**Input data**
----------

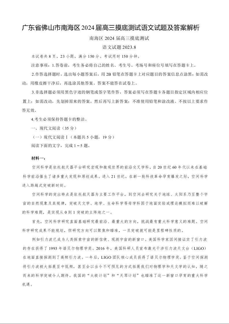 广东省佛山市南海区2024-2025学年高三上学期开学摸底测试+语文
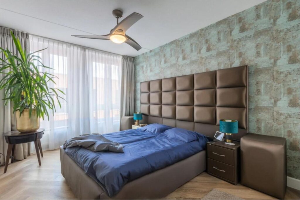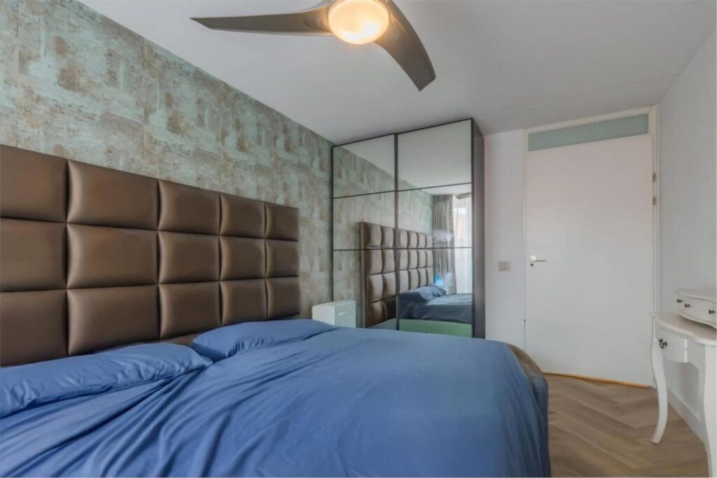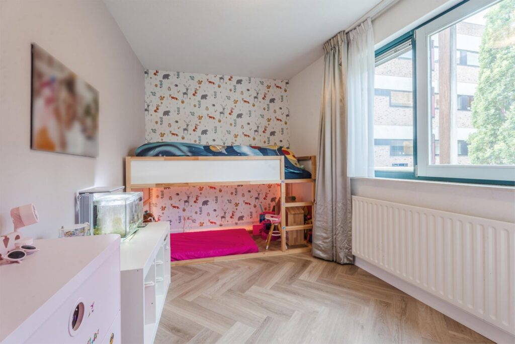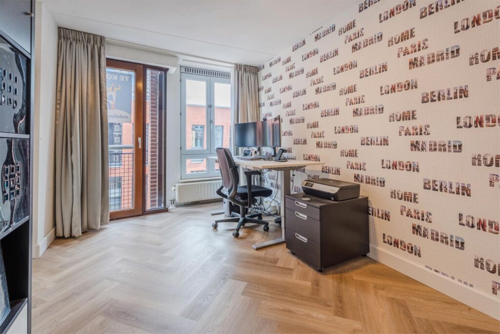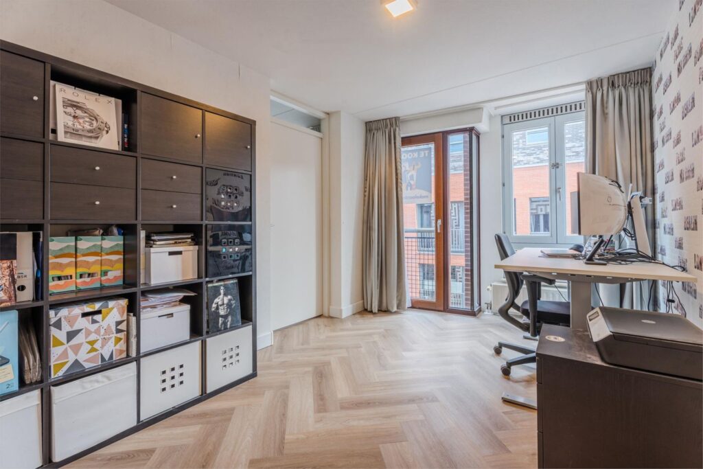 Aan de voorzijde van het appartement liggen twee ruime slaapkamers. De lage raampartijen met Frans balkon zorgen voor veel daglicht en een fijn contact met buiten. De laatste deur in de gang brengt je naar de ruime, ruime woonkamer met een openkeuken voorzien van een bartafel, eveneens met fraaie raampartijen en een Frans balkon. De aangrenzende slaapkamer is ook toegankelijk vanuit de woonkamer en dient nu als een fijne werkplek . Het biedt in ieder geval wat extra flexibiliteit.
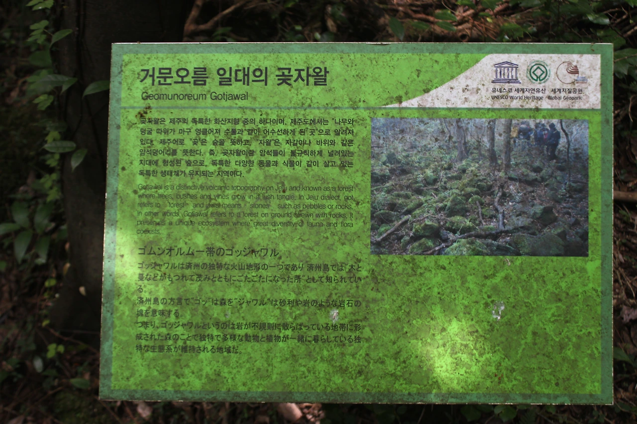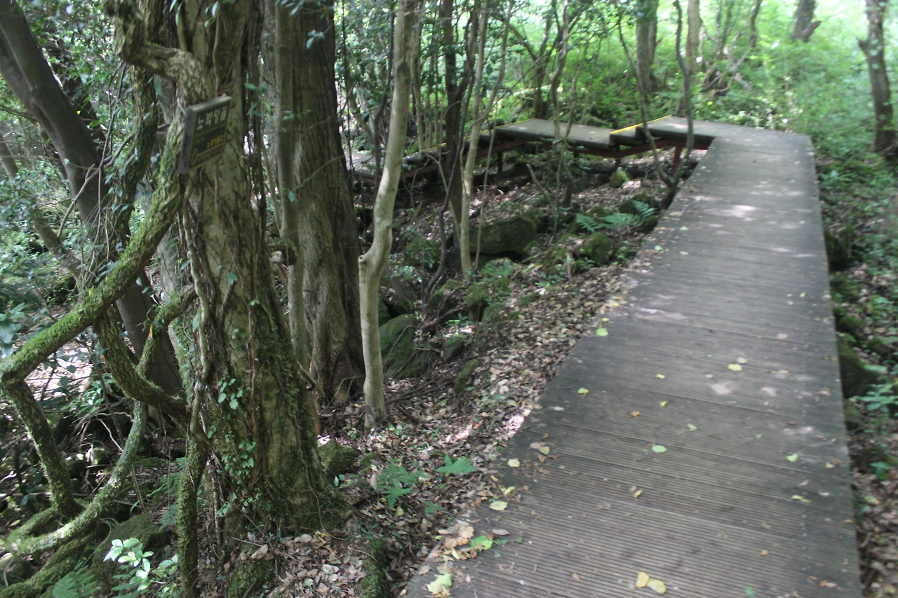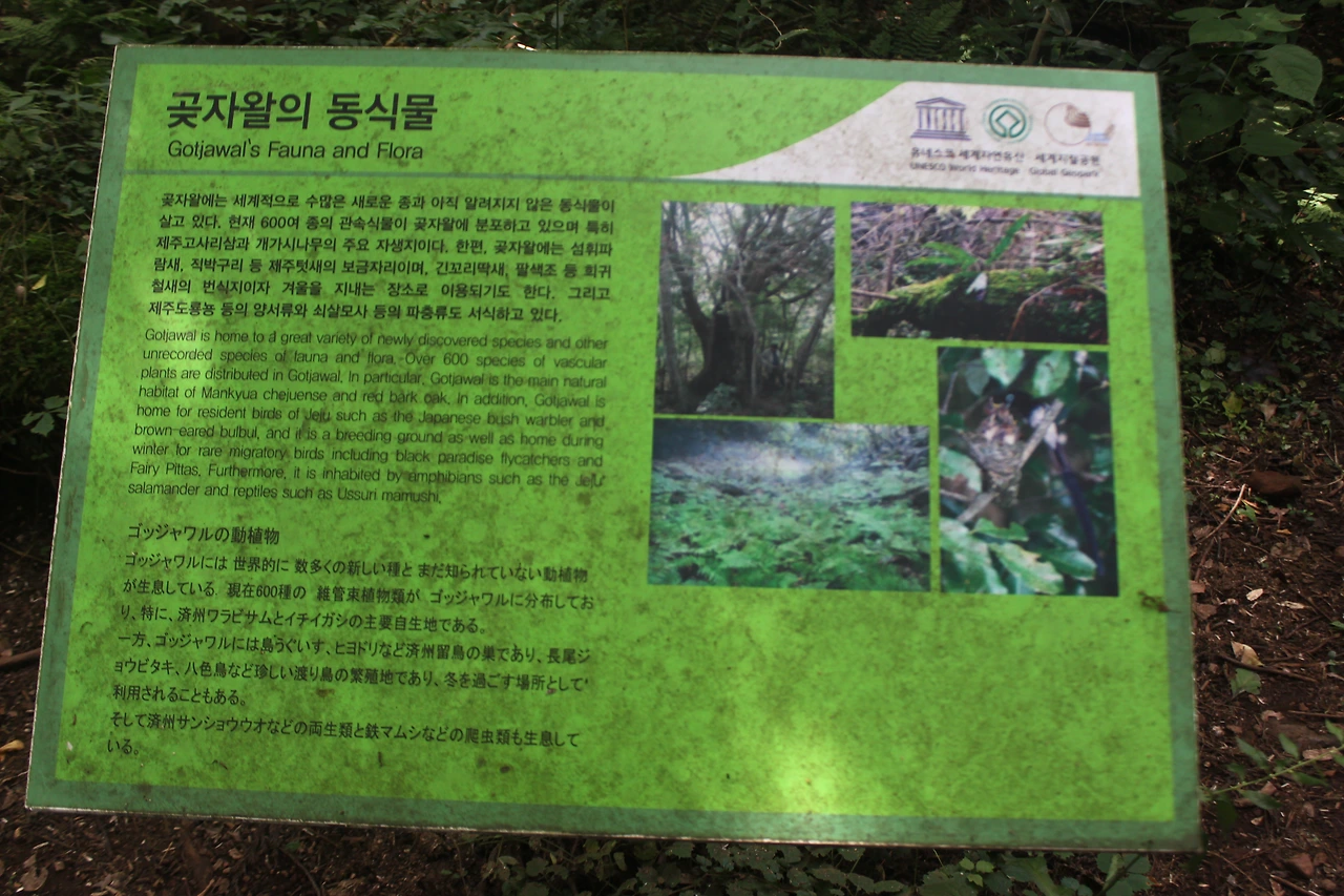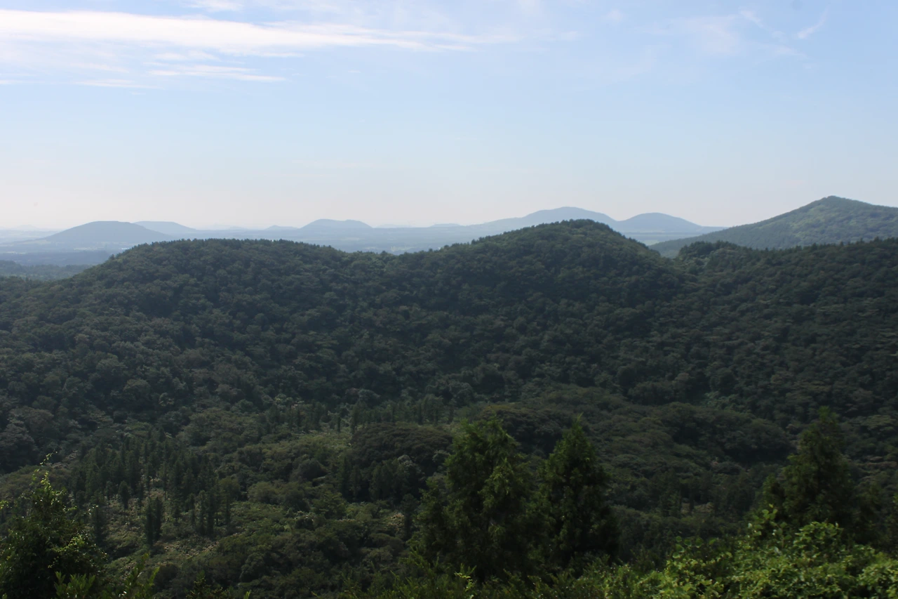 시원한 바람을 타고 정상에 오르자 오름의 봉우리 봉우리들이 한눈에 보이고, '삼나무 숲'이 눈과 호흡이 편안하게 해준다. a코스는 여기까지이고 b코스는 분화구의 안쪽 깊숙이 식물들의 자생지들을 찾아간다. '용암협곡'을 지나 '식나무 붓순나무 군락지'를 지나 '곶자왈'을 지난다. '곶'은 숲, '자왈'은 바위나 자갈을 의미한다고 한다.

----------

The full listing above, duplicated exactly and without its pictures, is the answer.

 广东省佛山市南海区2024-2025学年高三上学期开学摸底测试+语文
 Aan de voorzijde van het appartement liggen twee ruime slaapkamers. De lage raampartijen met Frans balkon zorgen voor veel daglicht en een fijn contact met buiten. De laatste deur in de gang brengt je naar de ruime, ruime woonkamer met een openkeuken voorzien van een bartafel, eveneens met fraaie raampartijen en een Frans balkon. De aangrenzende slaapkamer is ook toegankelijk vanuit de woonkamer en dient nu als een fijne werkplek . Het biedt in ieder geval wat extra flexibiliteit.
 시원한 바람을 타고 정상에 오르자 오름의 봉우리 봉우리들이 한눈에 보이고, '삼나무 숲'이 눈과 호흡이 편안하게 해준다. a코스는 여기까지이고 b코스는 분화구의 안쪽 깊숙이 식물들의 자생지들을 찾아간다. '용암협곡'을 지나 '식나무 붓순나무 군락지'를 지나 '곶자왈'을 지난다. '곶'은 숲, '자왈'은 바위나 자갈을 의미한다고 한다.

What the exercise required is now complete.